Almudena se tomó dos segundos o dos minutos para contestar. Escrutaba, buscando en aquellos ojos enrojecidos, un hilo del que tirar. Le creía, pero sabía que aquello no sería suficiente. Un silencio viscoso, como el incienso de los confesionarios, se adueño de la sala de estar. Beto creyó que había metido la pata, que ella nunca más volvería a mirarlo como antes. Beto, según Beto, era un asesino, la ralea más baja de la humanidad. Lo mejor que podía hacer era irse para que lo encerraran en un centro de salud mental.

-Tal y como yo lo veo cielo, tú no has matado a nadie, y tú única víctima real se llama Beto y no Cocacolo o Pepsicolo o Perico eldelospalotes.

-No estoy de acuerdo. Perdí el control. Quería matarlo, borrarlo del mapa. Yo no soy la victima soy el verdugo, el verdugo no se ha podido convertir en victima. ¿O sí? Mierda, creo que me estoy volviendo loco.

-Claro que puede ser. Sino hubieras actuado así, ahora, tus dos mejores amigos estarían muertos y no emborrachándose. Por lo que sé la violencia no es un acto de locura y menos si es premeditado, por muy irracional que parezca. No soy psicóloga pero sólo un valiente hubiese actuado como lo has hecho tú.

-¿Tu crees?

-Sí, estoy segura. Tan segura como que lo que me parece una locura es todo eso de la novela que se escribe sola. No tiene sentido.
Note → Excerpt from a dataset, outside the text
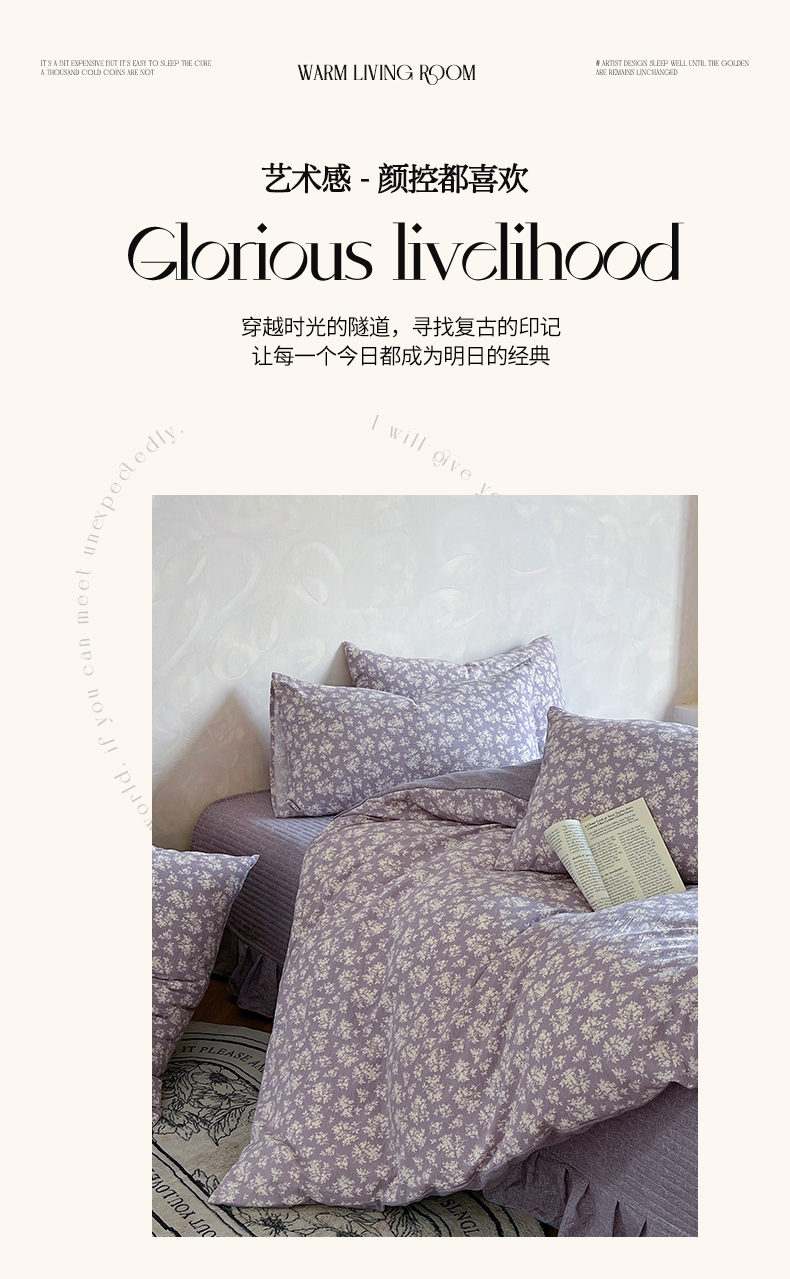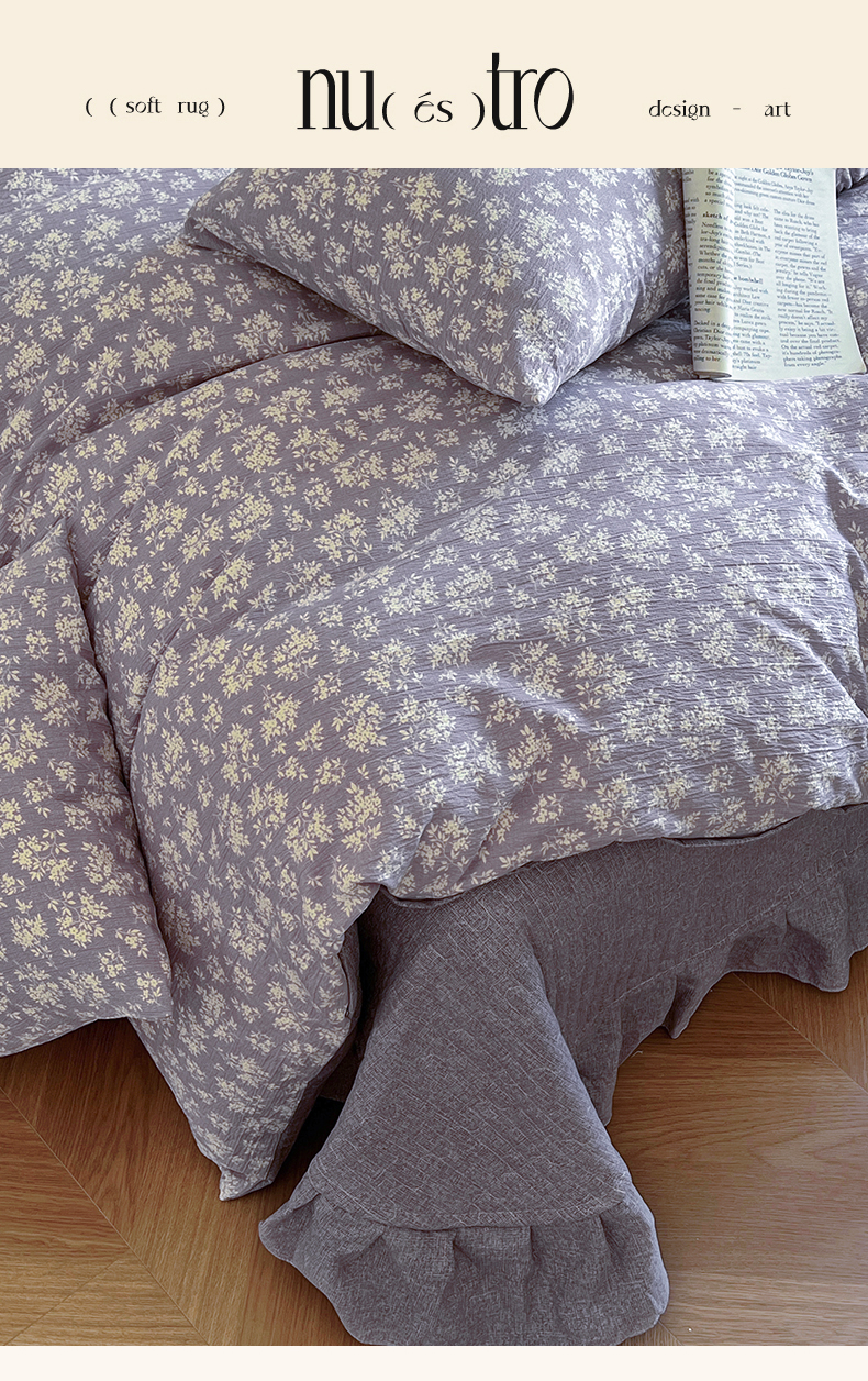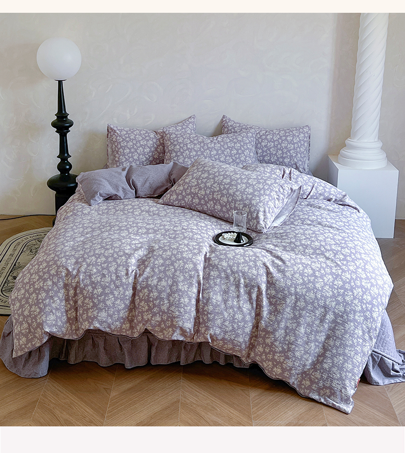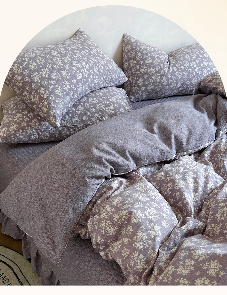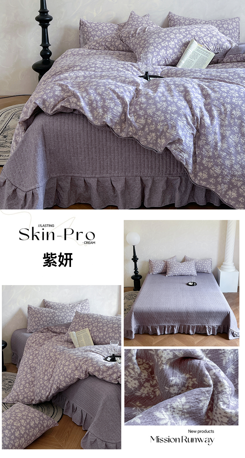 美梦家纺 2025新款高克重加厚亚麻皱皱纱床盖四件套系列(提供买家秀) 紫妍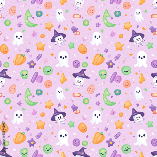 Seamless Halloween pattern with cute ghosts, stars, and candy on a pastel pink background

-Lo sé, en el fondo lo sé. Pero es la única explicación que le encuentro, a no ser que la vida imite al arte o algún tópico por el estilo.

-Intenta encontrar algo más original. Es un buen enigma, sí. Vosotros los escritores jugais a ser dioses, pero no lo sois. Ni siquiera planteándolo desde la posibilidad de que seamos personajes en el teatro de la vida tendría sentido. Aquí parece que estemos buscando a un autor como en aquella obra de Pirandello. No sé tú, pero yo no busco un autor sino es para compartir una noche, varias noches o los años que me quedan por vivir. A parte de cualquier relativismo potencial, los autores de nuestra vida somos nosotros mismos, es lo única deuda que tenemos con nuestros progenitores.

-No sé, estoy tan confundido.

-Mira te propongo una cosa, vamos a dejarlo por el momento. ¿qué te apetece hacer ahora?-Le preguntó con un guiño.

-Sólo tengo ganas de que me abracen. ¿Lo harías?

-Claro, ¿qué te crees? ¿que me acuesto con un hombre en la primera cita? Vamos ven aquí.

Se abrazaron y ella pensó que aquella era la velada más extraña que había tenido en su vida. Pero se sentía bien. Estaba ayudando a un buen hombre. Un poco loco, pero un buen hombre. Llegó a la conclusión de que dadas las circunstancias no se podía haber desarrollado ni mejor ni peor. Las cosas hay que aceptarlas como vienen, uno se tiene que adaptar, sino quiere convertirse en la víctima de sus propios actos.

Beto cayó dormido en los brazos de Almudena. Ella deshizo el abrazo, se levantó del sofá y tumbó a Beto sobre éste. Era muy tarde, pero estaba totalmente despejada. Tomó el libró del reposapiés y se aplicó a la lectura hasta el amanecer. En algún momento, al notar una agitación en Beto, se preguntó que debería estar soñando. Como es lógico, no le desperto para resolver el misterio.